▶
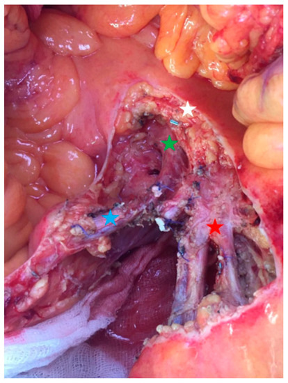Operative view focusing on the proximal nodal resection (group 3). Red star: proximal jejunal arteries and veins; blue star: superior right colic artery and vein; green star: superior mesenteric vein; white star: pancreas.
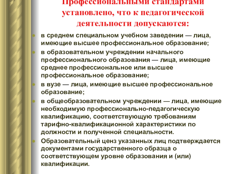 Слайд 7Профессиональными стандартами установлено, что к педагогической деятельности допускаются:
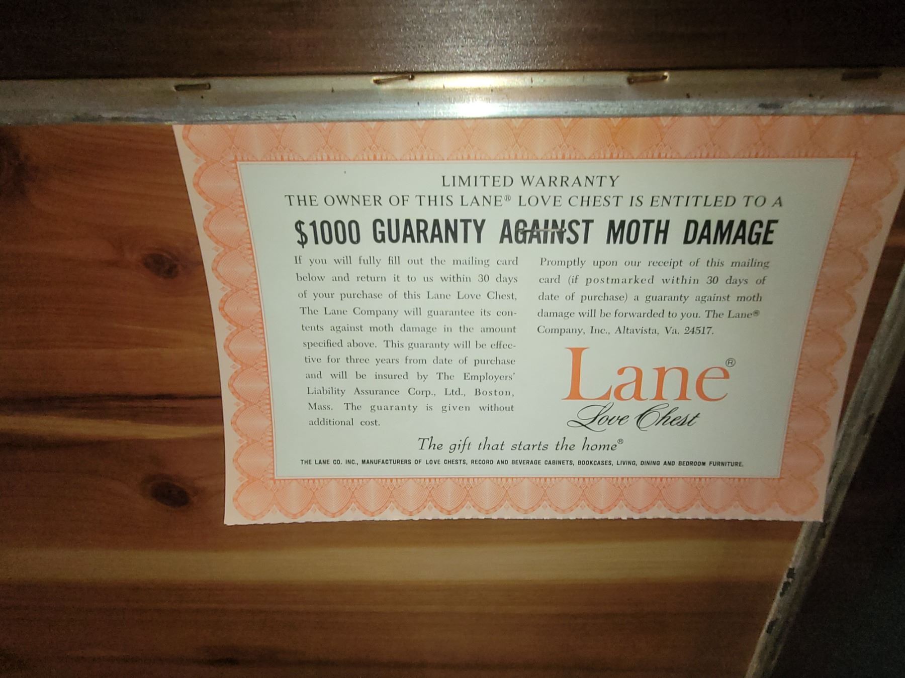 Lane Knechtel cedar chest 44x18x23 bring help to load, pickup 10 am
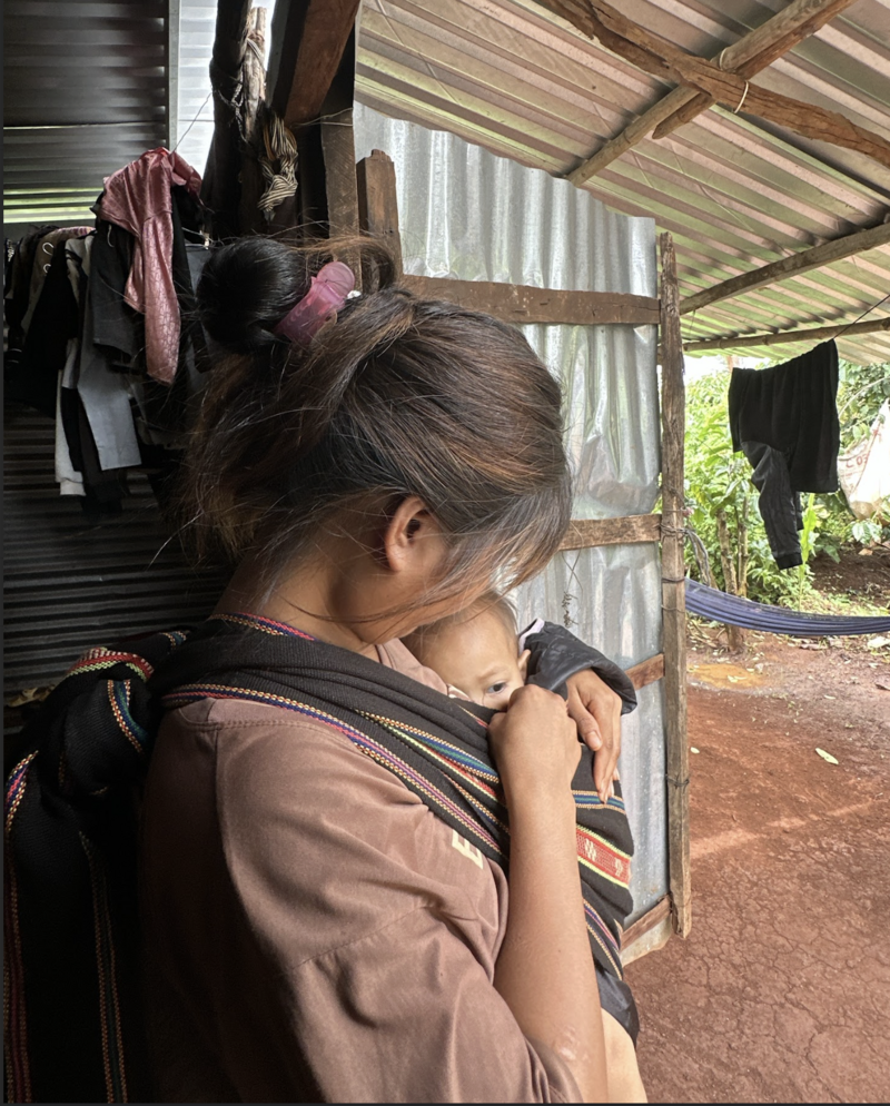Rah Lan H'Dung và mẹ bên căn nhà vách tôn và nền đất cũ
◀
● Your task
Repeat the listing word for word, and skip every picture it contains.

● Task result
Operative view focusing on the proximal nodal resection (group 3). Red star: proximal jejunal arteries and veins; blue star: superior right colic artery and vein; green star: superior mesenteric vein; white star: pancreas.
 Слайд 7Профессиональными стандартами установлено, что к педагогической деятельности допускаются:
 Lane Knechtel cedar chest 44x18x23 bring help to load, pickup 10 am
Rah Lan H'Dung và mẹ bên căn nhà vách tôn và nền đất cũ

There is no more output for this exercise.